Freedom From Choice

You may remember little else about the 1989 film “Field of Dreams,” but odds are you’ve invoked a version of what is probably its most famous line: “If you build it, he will come.”

Unfortunately, for most retirement plan participants, building retirement savings is more complicated than constructing a baseball diamond in the middle of an Iowa cornfield. Most retirement plan advisors will admit that the most important decision in retirement saving is deciding how much to save, not how those savings will be invested — and yet, for years much of the education and discussion about retirement saving has been focused on investing.

Enter the target-date fund, a type of investment fund apportioned according to what investment professionals deem to be an appropriate blend of stocks, bonds and other asset classes for an individual within a particular target date of retirement. Perhaps more importantly, that apportioning is rebalanced over time as the target date approaches, becoming less focused on growth and more focused on income over time. It’s an approach to which individuals and plan sponsors alike have come to embrace with little of the reluctance that often accompanies new retirement plan designs — one that runs counter to decades of expanding retirement plan menus and education designed to help participants make better use of those choices.

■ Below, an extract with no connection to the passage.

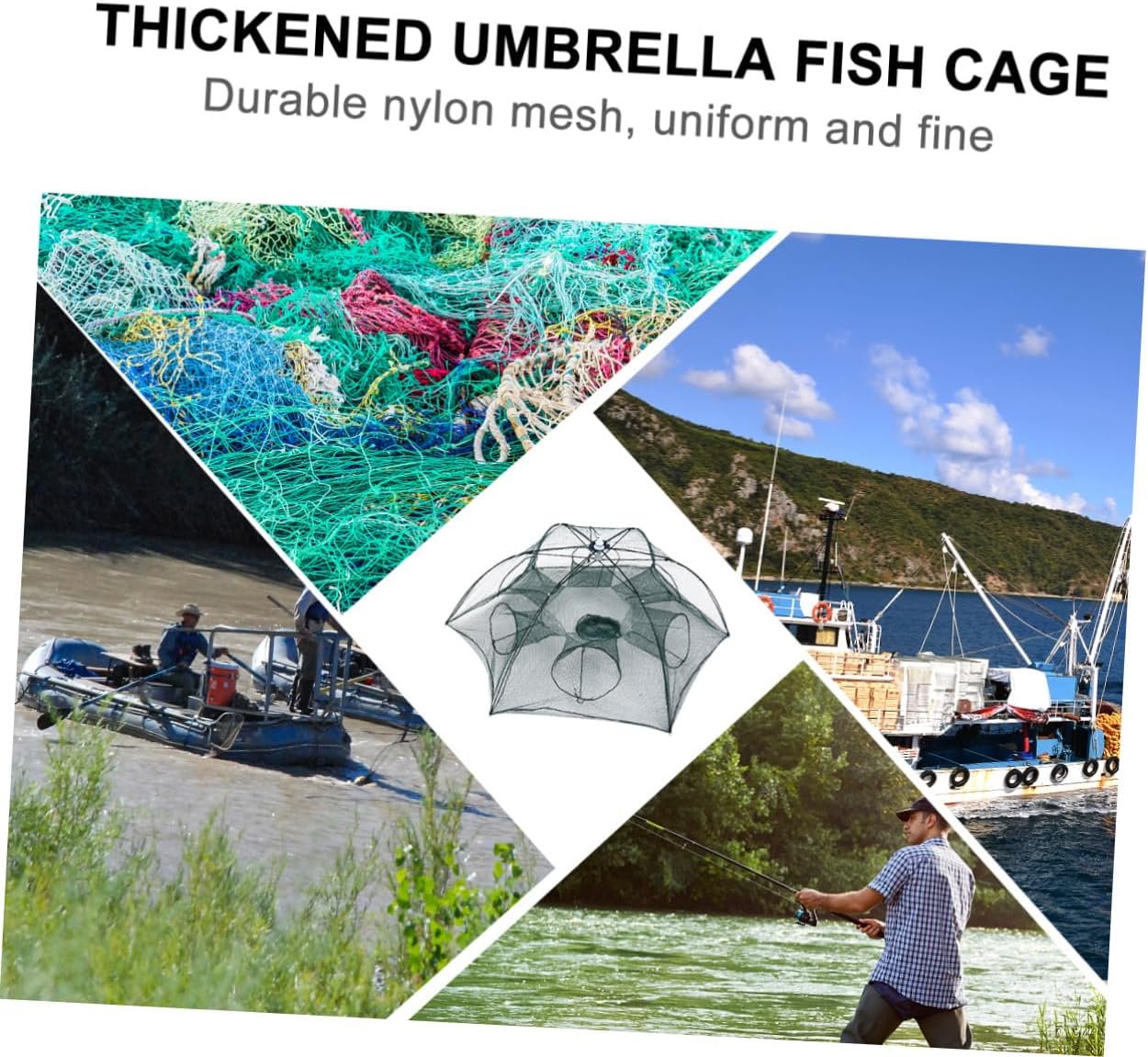 Package Include 1 Characteristics - Size: About 90.00X90.00X45.00cm/ 35.37X35.37X17.68inch 6 Holes Fish . - Material: Nylon Fishing Bait . - Color: Assorted color. - Thicken framework, which is more stable and sturdy, not easy to deform Fish for Small Fish. - Automatically folding, easy to operate, convenient to carry and storage Fish for Fishing. - Unique design, convenient and effortless, an essential fishing equipment for fishermen Fish . - Made of nylon material, which is durable for lasting use. - Durable nylon mesh, even and fine, suitable size, to prevent fish run .Goods InformationFish Special design for easy take out the fish, eels, crab, lobster, minnows, shrimp and crawfish.Fish for Fishing Adoption of material, the fishing net is durable and use.Fishing Bait With foldable design, you can after use for , convenient to use

Consider that 72% of the more than 64,000 401(k) plans in the EBRI/401(k) database, included target-date funds in their investment lineup at year-end 2011, 1 and that nearly 40% of the nearly 24 million participants in that database held target-date funds. 2 That’s sharply higher than 2006, the year in which the Pension Protection Act of 2006 included target-date funds in its definition of qualified default investment alternatives (QDIAs), when about 57% of plans included those offerings on their menus, and fewer than one in five participants held them in their accounts. Perhaps more significantly, at year-end 2011, 51% of participants in their 20s held target-date funds, compared with 32% of participants in their 60s.

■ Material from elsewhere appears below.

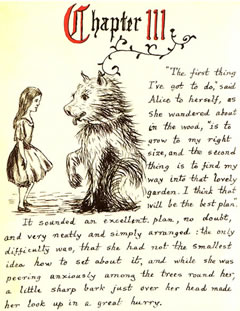 Fairy tales and fantasy reached their culminating point of triumph with the publication of Alice’s Adventures in Wonderland in 1865. The original manuscript for Alice was entitled “Alice’s Adventures Under Ground” and was illustrated by Carroll himself. However, Carroll’s lack of confidence in his own ability led him to look elsewhere for an artist when preparing his manuscript for final publication and Sir John Tenniel (though not knighted at the time he did the illustrations) produced the illustrations that we are so familiar with today. The first book was followed by Through The Looking-Glass and What Alice Found There in 1871, again with Tenniel illustrations. A facsimile of Carroll’s original illustrated manuscript was published later in 1886.

Recently hired plan participants — those more likely to be automatically enrolled in their employment-based 401(k) and to have their savings automatically invested in a QDIA (frequently a target-date fund), were, not surprisingly, more likely to hold target-date funds than those with more years on the job: At year-end 2011, 51% of participants with two or fewer years of tenure held target-date funds, compared with 37% of participants with more than five to 10 years. In fact, an August 2011 EBRI Issue Brief noted that, among consistent participants in the EBRI/ICI database who were identified as auto-enrollees in 2007, 97.2% were still using TDFs in 2008, and 95.7% used them in 2008 and 2009. Even among those not identified as auto-enrollees, just over 90% continued to use them from 2007-2009 (see “Target-Date Fund Use in 401(k) Plans and the Persistence of Their Use, 2007-2009,” here).

Not that there aren’t points of disagreement on target-date design; there are different views on what is an “appropriate” asset allocation at a particular point in time, discrete perspectives as to what asset classes belong in the mix, notions that individuals aren’t well-served by a mix that disregards individual risk tolerances, and even disagreement as to whether the fund’s target-date is an end point or simply a milepost along the investment cycle.

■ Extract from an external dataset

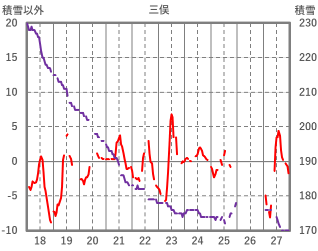 | 日 | 時 | 気温 | 降水 | 風向/風速 | 日照 | 積雪 | 降雪 |

That said, and as the EBRI/ICI data show, target-date funds, as well as their older counterparts, lifecycle (risk-based) and balanced funds, have become fixtures on the DC investment menu. For a large and growing number of individuals, these “all-in-one” target-date funds, monitored by plan fiduciaries and the advisors that guide them, are likely to be an important aspect of building their retirement future.

Of course, the future they’ll build will likely be better if those investments are properly used, carefully monitored, better understood – and funded by the appropriate amount of savings.

  1. See “401(k) Plan Asset Allocation, Account Balances, and Loan Activity in 2011,” here.
  2. In addition, 20% of the participants in the EBRI/ICI 401(k) database held non–target-date balanced funds, and 3% held both target-date and non-target-date balanced funds at year-end 2011.